Topic
Home / Pemuda / Cerpen / The Journey Pangandaran-Qatar: Noban

The Journey Pangandaran-Qatar: Noban

Konten ini adalah kiriman dari pembaca dakwatuna.com. Kirimkan informasi, gagasan, pemikiran, atau pendapat dari Anda dalam bentuk tulisan kepada kami, klik di sini.

‘’Sombong sekali kamu, Sep!’’ Parman menghardik sambil bersungut-sungut.

‘’Hehehehe….Sombong kenapa, Man? Itu bubur belepotan di cocotmu.’’ Aku mencibir.

Ami termehek-mehek melihat bibir Parman yang belepotan bubur sampe ke dagu.

‘’Sebelum sarapan bubur, mandi dulu dong!’’ Ami sambil menyunggingkan senyum ke Parman.

Amarah Parman menjadi-menjadi. Dia berdiri menghampiri Ridwan dan Ami. Ridwan menatap tajam kawannya itu.

‘’Apa maumu, Man?’’ Intonasiku meninggi.

Mata Parman tak kuat melihat tatapanku yang tajam. Seperti tatapan elang mau menerkam anak ayam. Badannya berbalik ke tukang bubur. Merasa kalah perang psikologis, kompensasi Parman jadi grogi.

‘’Mang, pesen bubur ayam lagi dua mangkok!’’ mulut Parman tambah manyun.

‘’Eh, enak aja maen serobot. Kita duluan yang pesan!’’ Ami sewot.

‘’Biarin aja, Mi!’’ Aku menarik lengan Ami.

Parman melahap habis dua mangkok bubur ayam tadi. Setelah bayar, dia langsung pergi bersama kedua kawannya Suhada dan Wendi dengan hati yang panas. Parman merasa ditampar-tampar wajahnya. Dadanya bergemuruh seperti parade Drum-Band 17 Agustusan. Karena gadis gaetannya jatuh hati ke pangkuanku.

‘’Hahahahaha….Cinta ditolak, makan bubur 3 mangkok. Persis orang kesetanan!’’ Ami cekikikan.

‘’Hush, nggak boleh gitu! Siapa tau Parman menjadi jodohmu kelak.’’ Aku sambil memicingkan matak kananku.

‘’Enak aja….Lebih baik aku ngejomblo seumur hidup daripada harus sama dia!’’ Ami mencibir.

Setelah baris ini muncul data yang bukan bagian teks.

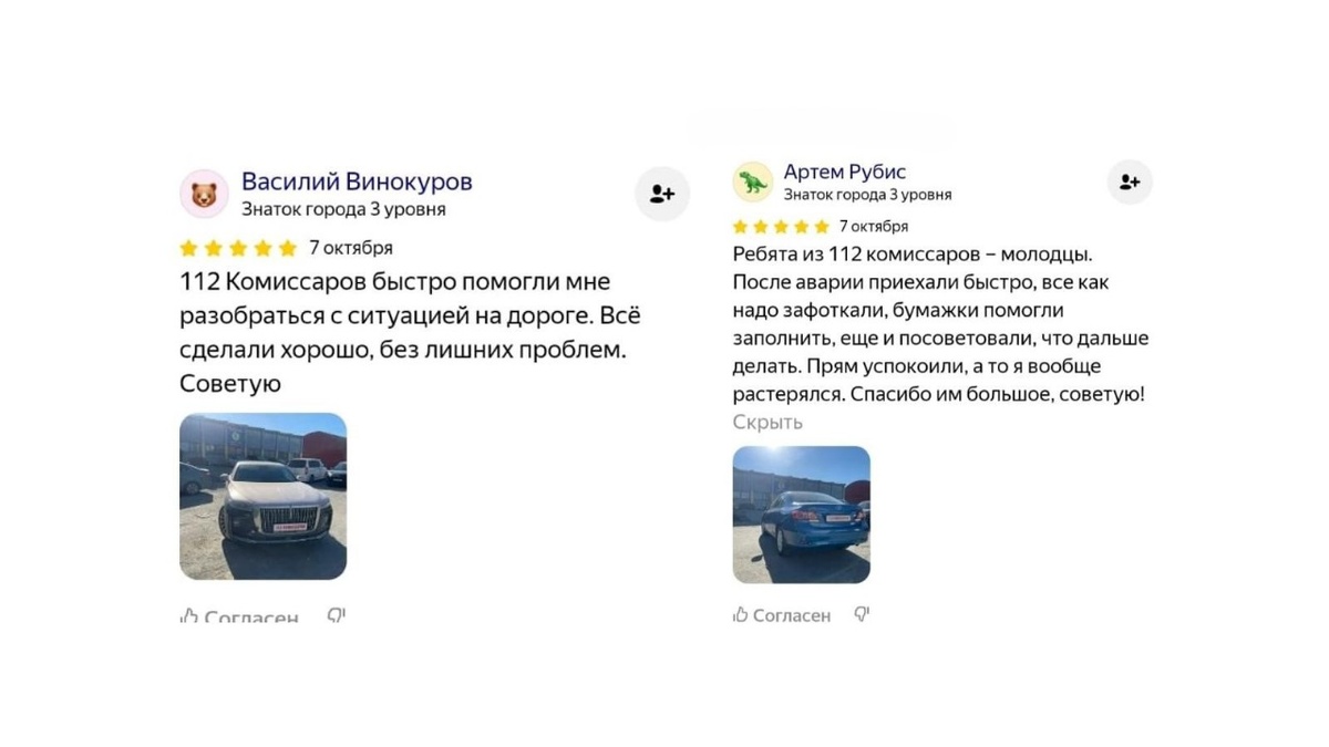 Каждый, кто хоть раз попадал в ДТП, знает, насколько это стресс. Но клиенты 112 Комиссаров уверены — с нашей помощью даже неприятная ситуация превращается в упорядоченный процесс, где всё решается быстро, грамотно и с заботой. Мы берём на себя оформление, консультации, ремонт и контроль качества. Именно поэтому наши клиенты уходят с улыбкой, а не с головной болью. “Ребята из 112 Комиссаров – молодцы. После аварии приехали быстро, всё как надо зафоткали, бумажки помогли заполнить, ещё и посоветовали, что дальше делать. Прям успокоили, а то я вообще растерялся. Спасибо им большое, советую!” ✅ Даже в самый напряжённый момент наши специалисты сохраняют спокойствие и уверенность. Комиссары берут всё под контроль: фиксируют место происшествия, помогают заполнить документы и объясняют, какие шаги нужно предпринять. Человеческое отношение и профессионализм — то, что особенно ценят наши клиенты. “112 Комиссаров быстро помогли мне разобраться с ситуацией на дороге. Всё сделали хорошо, без лишни

Lamunan bersama Ami di kampus dan Parman yang sewot menghilang dari pikiranku ketika Tornado membelok ke rumah Parman. Di depan rumah joglo itu ditanami sayur-mayur. Sejenis bayam, kacang panjang dan katuk. Ada pagar bambu menjadi pembatasnya. Di belakang rumah Parman rimbun dengan pohon bambu dan pohon nangka. Sesekali terdengar suara kambing mengembik di samping rumahnya.

‘’Assalaamu alaikum. Parman esih pak? (Parman ada Pak?)’’ Aku nanya di balik pintu rumah kawannya itu.

Seorang bapak yang keseharian bekerja sebagai Petugas Penyuluh Lapangan itu (PPL) keluar dengan mengenakan kaos oblong dan memakai kolor. Dengan logat Jawa Banyumasan/Ngapak dia menjawab sambil menyalamiku. Sedikitnya aku terpapar bahasa Jawa Ngapak karena faktor geografisnya di perbatasan Jabar-Jateng. Banyak suku Sunda dan Jawa saling berdampingan dan saling memahami bahasa mereka. Perbauran ini yang menjadikan dialek khas daerah peradaban Sungai Citanduy. Tak ayal kesenian daerah ini menjadi beragam; di samping kesenian khas orang Sunda (wayang golek, kendang pencak, calung, reog) juga kesenian Jawa berkembang pesat semisal; kuda lumping, ketoprak, lais, ronggeng menjadi daya tarik Kabupaten Ciamis yang didirikan Raden Aria Koesoemadiningrat pada tahun 1879 itu.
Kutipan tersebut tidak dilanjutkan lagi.